Photo collage featuring person looking at financial charts and monday bag on pile of money, surrounded by tech-business-themed graphic elements

Getty Images; Alyssa Powell/BI

  • Investment tactics often require big buy-ins and high fees.
  • New tech is lowering the price of entry in fields like direct indexing and private markets.
  • This article is part of "Transforming Business," a series on the must-know leaders and trends impacting industries.

Investing like a billionaire comes with a high price tag. But thanks to technology, the barriers to these elite opportunities are starting to crumble.

Consider direct indexing, a strategy favored by the rich to lower taxes by selling underperforming stocks and using the losses to offset other gains. These personalized portfolios used to be out of reach of the merely affluent, requiring steep account minimums. Over the past five years, direct indexing has exploded as technological advancements have made it worthwhile for wealth managers to offer the services to Main Street customers. The account minimum for Fidelity's FidFolios, for example, is only $5,000.

"Direct indexing has become accessible at a different level of wealth than it has been in the past," said Ranjit Kapila, the copresident and chief operating officer of Parametric. "That wouldn't have been available or possible without the technology trends we've had to be able to do this level of computation at scale in a cost-efficient manner."

Parametric, the pioneer of direct indexing, is also moving downstream.
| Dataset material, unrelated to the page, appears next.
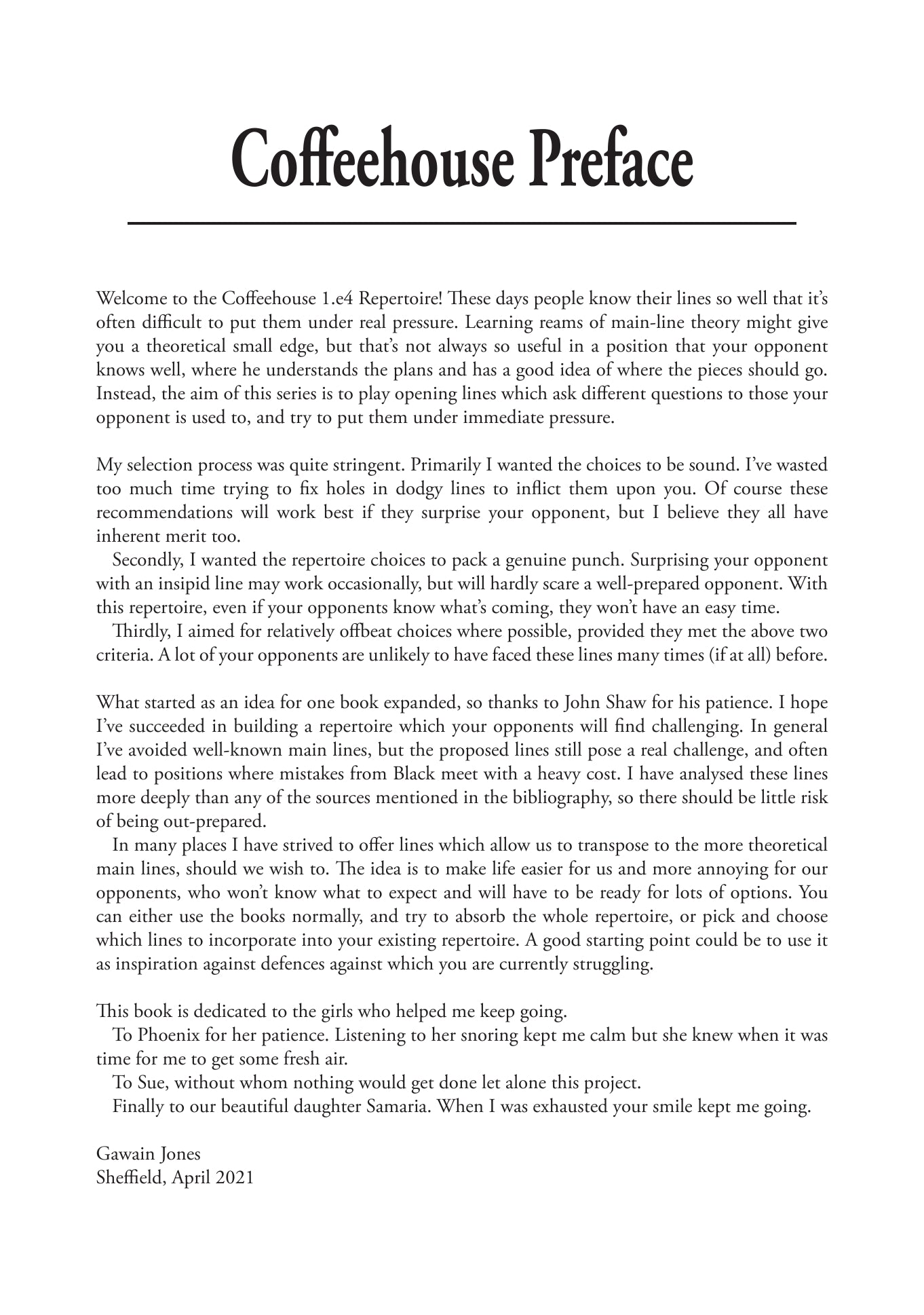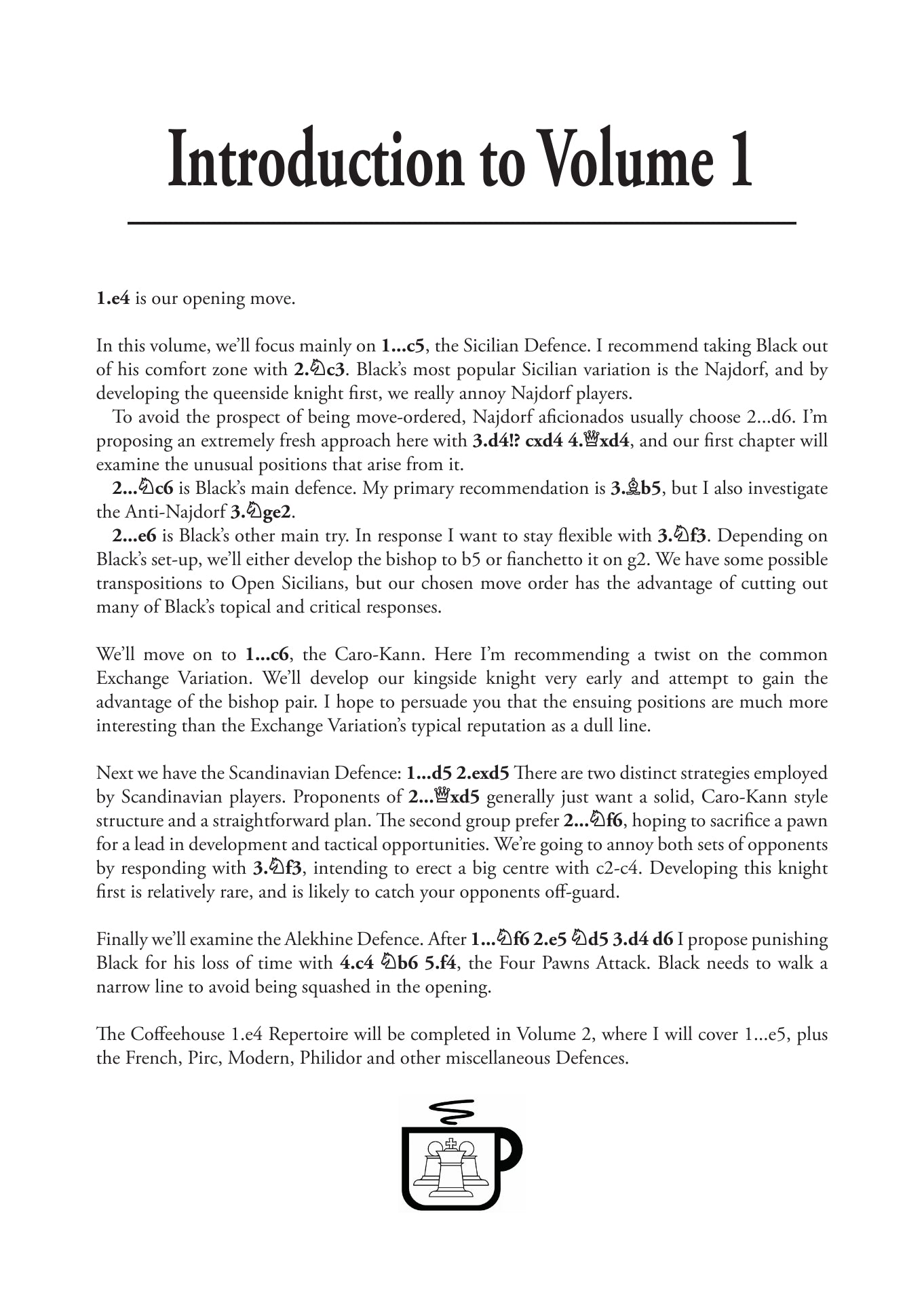 Il repertorio Coffeehouse 1.e4 sarà completato nel secondo volume, che comprende 1...e5, oltre alle difese Francese, Pirc, Moderna, Philidor e altre difese varie.

By adopting fractional-share investing, Parametric lowered the minimum for its core product to $100,000 from $250,000. The firm plans to offer a direct-indexing product with fewer customization features for $25,000 in 2025.

Private markets face steeper hurdles. This opaque field was traditionally reserved for deep-pocketed investors like pension funds and ultrarich individuals. But now investors have more access to financial results for funds and privately held companies as data providers race to meet their needs. Machine learning and AI have made it easier for these firms to extract and analyze data.

BlackRock views this data as the great equalizer and has grand ambitions of indexing these opaque private markets. The asset-management giant agreed this summer to acquire the data powerhouse Preqin for $3.2 billion.

"We anticipate indexes and data will be important to future drivers of the democratization of all alternatives," BlackRock CEO Larry Fink said on a conference call. "And this acquisition is the unlock."

Leon Sinclair, Preqin's executive vice president, argued that with the number of public companies dwindling, it's imperative for mass-affluent investors to get better access to private markets.

"Clearly there's more, deeper, better sources of funding for private companies that could stay private for longer," Sinclair said. "I think it's fair that the mass affluent can β€” in the right way β€” be brought along on that journey to get exposure to that part of the mosaic earlier."

Investing in automation for a competitive edge

Kapila described these technological developments as part of a trend in wealth management to capture customers before they make it big.

"There's a desire by financial advisors to try and engage investors earlier in their wealth-accumulation cycle," Kapila said.

Parametric, acquired by Morgan Stanley in 2021, operates in a competitive arena. Thanks to a wave of similar acquisitions, Parametric faces well-capitalized rivals such as BlackRock's Aperio and Franklin Templeton's Canvas. Industry stalwarts like Fidelity and upstarts like Envestnet also want a piece of the action.

Kapila said the need to compete on scale and fees required Parametric's technology to be as efficient as possible.

"It'll be harder," he said. "We have to do many, many more accounts to really drive growth in assets, etc. But those challenges are exciting to me as a technologist."

To meet that need, Kapila is pushing Parametric to develop more automated products, such as Radius, which launched this year. Radius constructs equity and fixed-income portfolios and runs simulations to identify the best selections for portfolio managers. He plans to launch more cloud-native tools, which are easier to scale and manage, for other asset classes in 2025 and 2026. Parametric is also piloting generative-AI tools to onboard accounts more efficiently.

Clients' expectations are also rising. There's demand for Parametric's tax benefits but with actively managed strategies rather than indexes, he said, spurring partnerships with asset managers.

Parametric recently launched an offering that allows customers to pick equities off strategies from the financial-advisory and asset-management firm Lazard.

To stay ahead of the curve, Preqin is developing more sophisticated products. Last year, the UK firm launched an Actionability Signal that uses machine learning to identify private companies likely to be open for investment.

"The sole focus on public information for certain tasks around valuation and risk management are not really going to be the way that people do this," Sinclair said. "We're moving much more to a world where real proprietary private information at the asset level, which is transactionally oriented, is available to people."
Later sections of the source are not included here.